**Task instructions**
Exactly repeat all the records below, omitting the images they hold.

[Data excerpts]
Start of Block

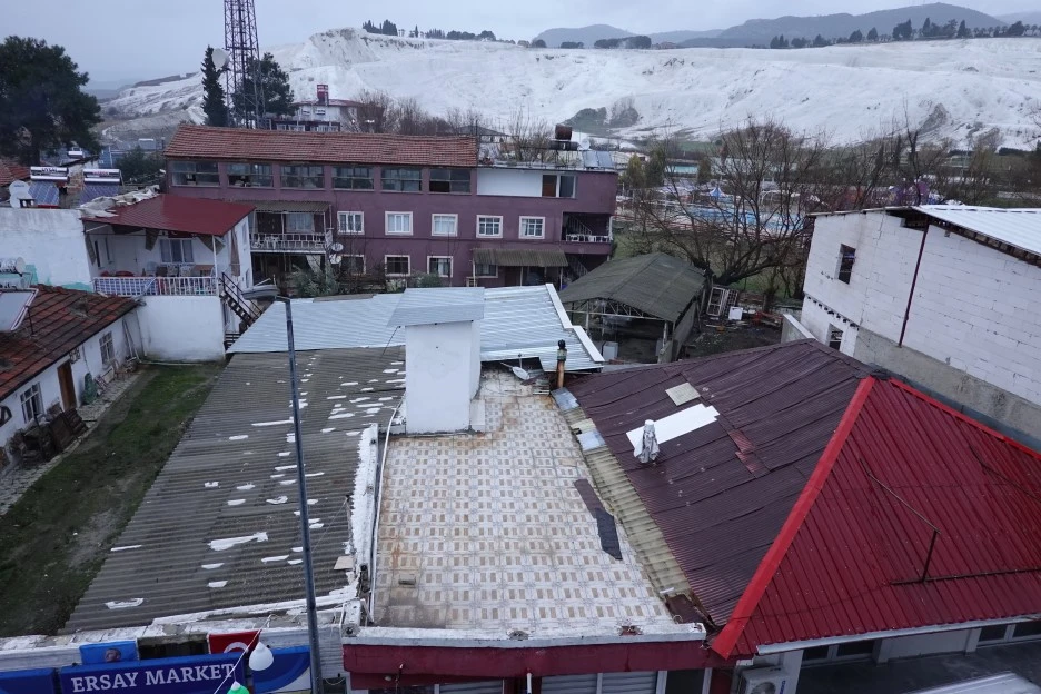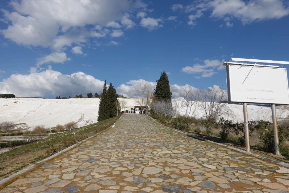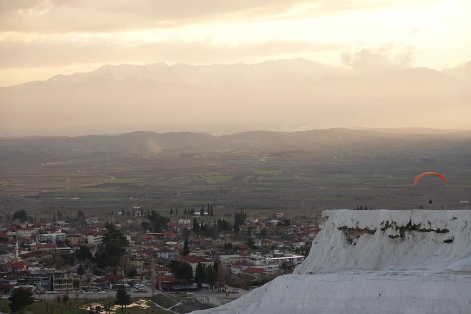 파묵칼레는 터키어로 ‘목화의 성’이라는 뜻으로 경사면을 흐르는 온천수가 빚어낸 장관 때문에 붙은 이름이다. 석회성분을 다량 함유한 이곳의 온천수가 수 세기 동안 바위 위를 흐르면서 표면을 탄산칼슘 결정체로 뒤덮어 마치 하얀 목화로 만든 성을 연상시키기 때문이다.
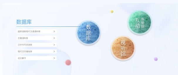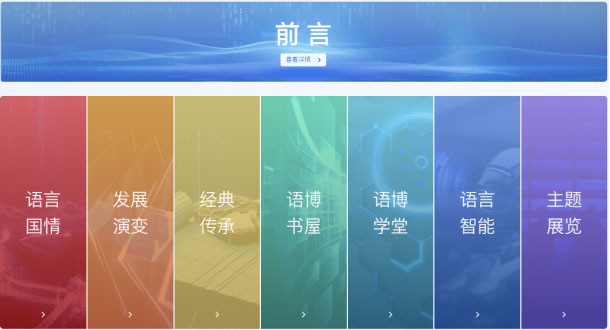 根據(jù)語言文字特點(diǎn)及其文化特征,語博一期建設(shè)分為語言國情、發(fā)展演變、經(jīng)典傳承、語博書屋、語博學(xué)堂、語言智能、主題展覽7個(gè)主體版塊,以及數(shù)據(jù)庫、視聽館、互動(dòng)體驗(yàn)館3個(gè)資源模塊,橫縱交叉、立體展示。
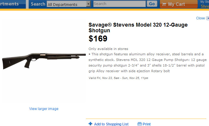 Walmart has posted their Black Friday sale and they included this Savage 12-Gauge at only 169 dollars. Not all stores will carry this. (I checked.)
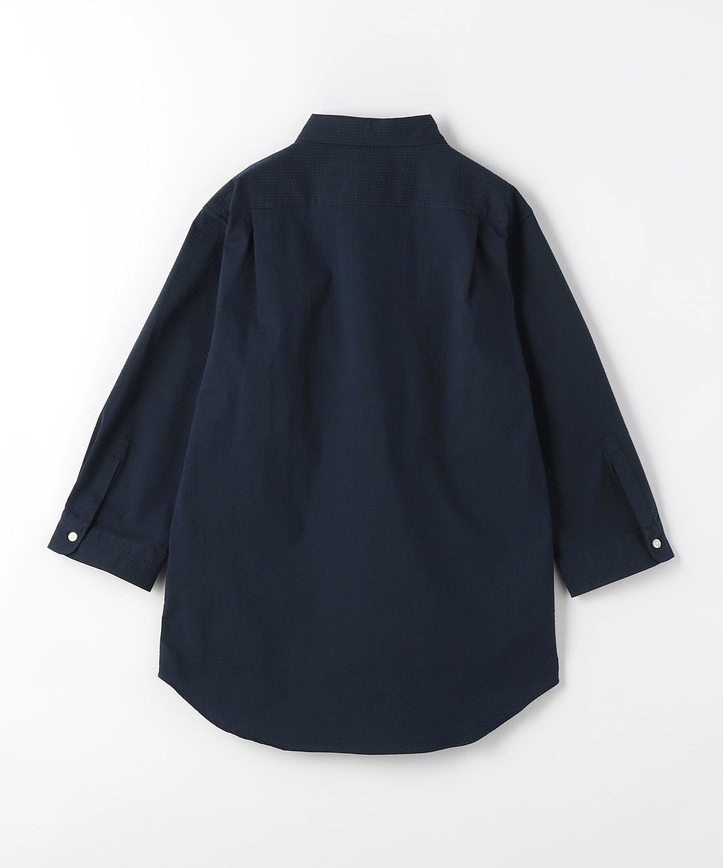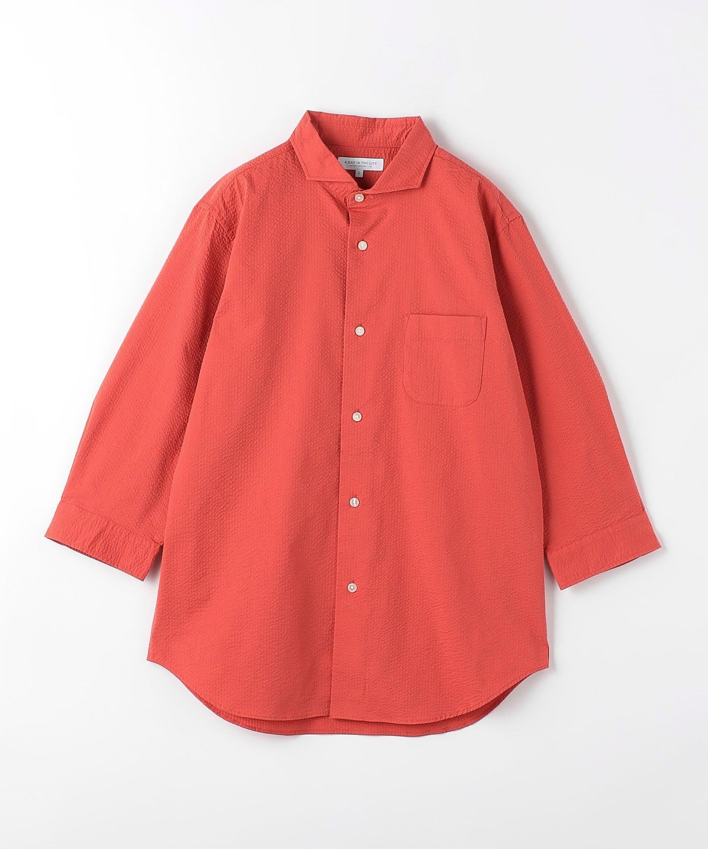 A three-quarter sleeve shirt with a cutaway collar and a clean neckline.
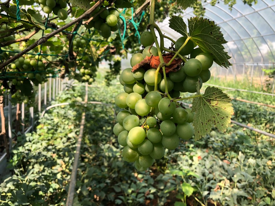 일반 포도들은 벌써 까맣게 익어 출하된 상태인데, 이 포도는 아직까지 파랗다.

End of Block

**Result below**
 파묵칼레는 터키어로 ‘목화의 성’이라는 뜻으로 경사면을 흐르는 온천수가 빚어낸 장관 때문에 붙은 이름이다. 석회성분을 다량 함유한 이곳의 온천수가 수 세기 동안 바위 위를 흐르면서 표면을 탄산칼슘 결정체로 뒤덮어 마치 하얀 목화로 만든 성을 연상시키기 때문이다.
 根據(jù)語言文字特點(diǎn)及其文化特征,語博一期建設(shè)分為語言國情、發(fā)展演變、經(jīng)典傳承、語博書屋、語博學(xué)堂、語言智能、主題展覽7個(gè)主體版塊,以及數(shù)據(jù)庫、視聽館、互動(dòng)體驗(yàn)館3個(gè)資源模塊,橫縱交叉、立體展示。
 Walmart has posted their Black Friday sale and they included this Savage 12-Gauge at only 169 dollars. Not all stores will carry this. (I checked.)
 A three-quarter sleeve shirt with a cutaway collar and a clean neckline.
 일반 포도들은 벌써 까맣게 익어 출하된 상태인데, 이 포도는 아직까지 파랗다.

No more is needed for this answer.